A DF ping with a large payload that fails on one path and succeeds on another. If you expect jumbo, test near-9000. If it fails with “message too long” or silently drops,
you’ve found a real issue, not a theory.

9) Can a busy CPU really make Corosync think the network is down?

Yes. If the host can’t process network interrupts or schedule Corosync in time, packets get dropped or delayed. Check softnet drops and correlate flaps with CPU/IO pressure.

10) What if I only have two nodes and can’t add a third for qdevice?

Then accept that you don’t have a resilient cluster quorum model. You can run, but you’ll pick between availability and safety during partitions.
If the business requires HA, find a third failure domain for qnetd—even a small external host—before blaming Corosync for doing its job.

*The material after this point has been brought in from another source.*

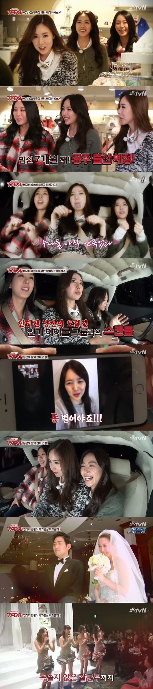 19일 오전 방송된 tvN 예능프로그램 '현장토크쇼 택시'에서는 베이비복스의 세 멤버 김이지, 간미연, 심은진이 출연해 자신들의 근황을 밝혔다. 또 다른 멤버인 이희진은 드라마 촬영, 윤은혜는 부산 스케쥴로 인해 어쩔 수 없이 불참한 상황.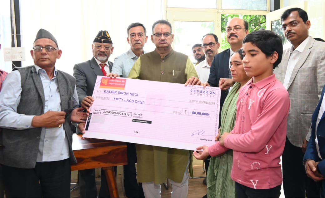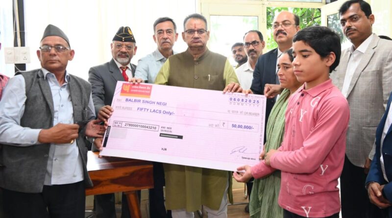 सैनिक कल्याण मंत्री गणेश जोशी ने मृतक उपनलकार्मिक के पिता बलवीर सिंह नेगी को 50 लाख की सहायता का सौंपा चैक

Conclusion: next steps that reduce pager noise

“Corosync link down” is not a configuration puzzle. It’s your cluster telling you the control plane can’t trust the network or the host under real conditions.
Treat it like a production reliability defect.

Next steps that actually move the needle:

• Prove MTU consistency on every ring path with DF pings and fix mismatches.
• Measure loss with fping and eliminate it—especially microbursts from shared uplinks.
• Check host-level drops (softnet, RX drops) and reduce interrupt/CPU contention.
• Make rings real: separate failure domains, not just separate IPs.
• Fix quorum design: two nodes get a qdevice, three nodes verify votes and remove zombies.
• Only then tune Corosync timeouts, and document the trade-off in failure detection time.

The stable end-state is boring: no membership churn, no surprise reconfigurations, and no late-night debates about whether “it’s probably the network.”
When Corosync goes quiet, the rest of your Proxmox stack starts telling the truth again.